Purpose: Cardiac motion is not currently accounted for during the treatment of central lung and mediastinal tumors. The aim of this study is to adapt the gantry rotation speed and projection rate in accordance with patient cardiac and respiratory rates to eliminate both cardiac- and respiratory-induced motion blurring during image acquisition. Here, we simulate this adaption on a standard linear accelerator.
Methods: The 4D-XCAT phantom was used to simulate the acquisition of dual cardiac- and respiratory-gated CBCT thoracic images from 17 patient-measured ECG and respiratory traces. Our adaptive protocol acquired evenly angular spaced projections during 60-80% of the cardiac cycle and during 20% displacement at peak exhale of the respiratory cycle. A respiratory-only gated CBCT acquisition with constant gantry speed and projection rate was used as a comparator. Image metrics of edge-response-width (ERW) and contrast-to-noise-ratio (CNR) were used to compare and characterise the image sharpness and contrast. The effect of the total number of projections acquired and magnitude of cardiac motion (0.5 cm or 1.0 cm) on scan time and image quality were also investigated.

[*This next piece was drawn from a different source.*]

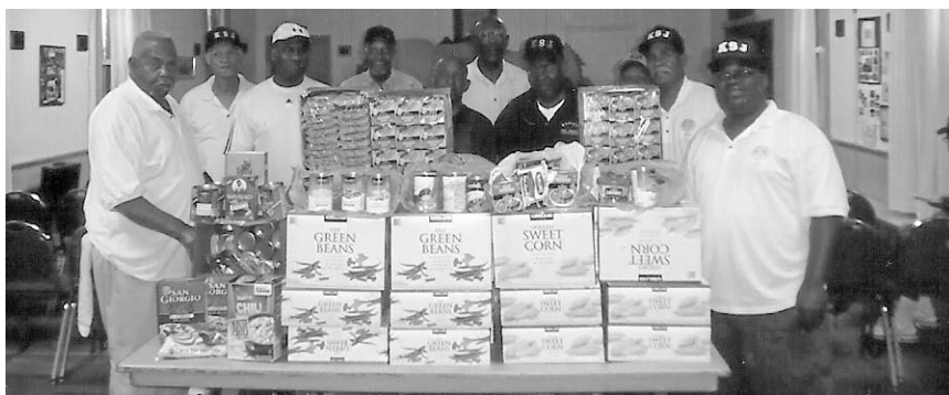
Commandery #283 Food Drive.

Results: Our adaptive protocol provided a decrease between 8-64% and 22-35% in the median ERW (indicating improved image sharpness) over conventional acquisition in both the AP and SI directions respectively. Our adaptive protocol also enabled more consistent, albeit lower median CNR values over conventional acquisition. Notably, the magnitude of cardiac motion had no observable effect on the median CNR. The median total scan times across the 17 patients with our adaptive protocol ranged from 117s (40 projections) to 296s (100 projections), compared with 240s for the conventional protocol (1320 projections).

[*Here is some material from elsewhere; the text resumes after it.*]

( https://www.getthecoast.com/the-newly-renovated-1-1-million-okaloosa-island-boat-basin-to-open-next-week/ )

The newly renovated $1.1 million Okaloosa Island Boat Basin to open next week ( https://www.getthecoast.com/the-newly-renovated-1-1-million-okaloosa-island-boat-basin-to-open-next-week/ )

Conclusion: Dual cardiac- and respiratory-gated thoracic imaging is feasible on a standard linear accelerator. Compared to conventional acquisition, our protocol provides increased flexibility by enabling a trade-off between image quality and total scan time.

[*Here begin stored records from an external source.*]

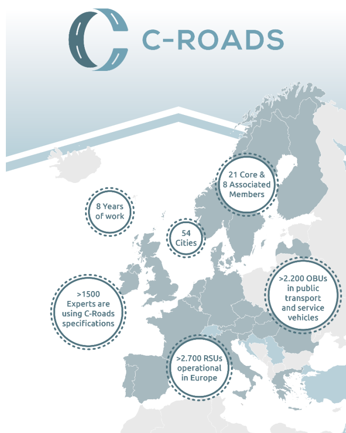
Figure 1: Overview of C-Roads coverage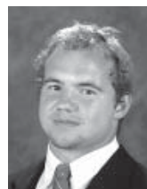
44 Chris Borland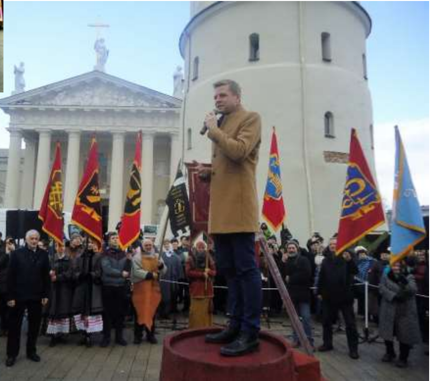
The Mayor Remigijus Šimašius, 2014, 2017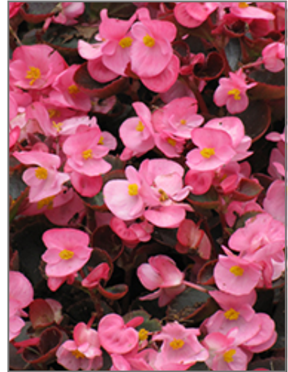
Bada Boom Pink Begonia flowers

This is a high maintenance plant that will require regular care and upkeep, and usually looks its best without pruning, although it will tolerate pruning. Deer don't particularly care for this plant and will usually leave it alone in favor of tastier treats. Gardeners should be aware of the following characteristic(s) that may warrant special consideration;

Funding Support, Disclosures, and Conflict of Interest: This research was supported by grant #1123068 which was awarded through the Priority-driven Collaborative Cancer Research Scheme and funded by Cancer Australia. Ricky O Brien acknowledges the support of a Cancer Institute NSW Career Development fellowship. Paul Keall acknowledges the support of an NHMRC Senior Principal Research Fellowship.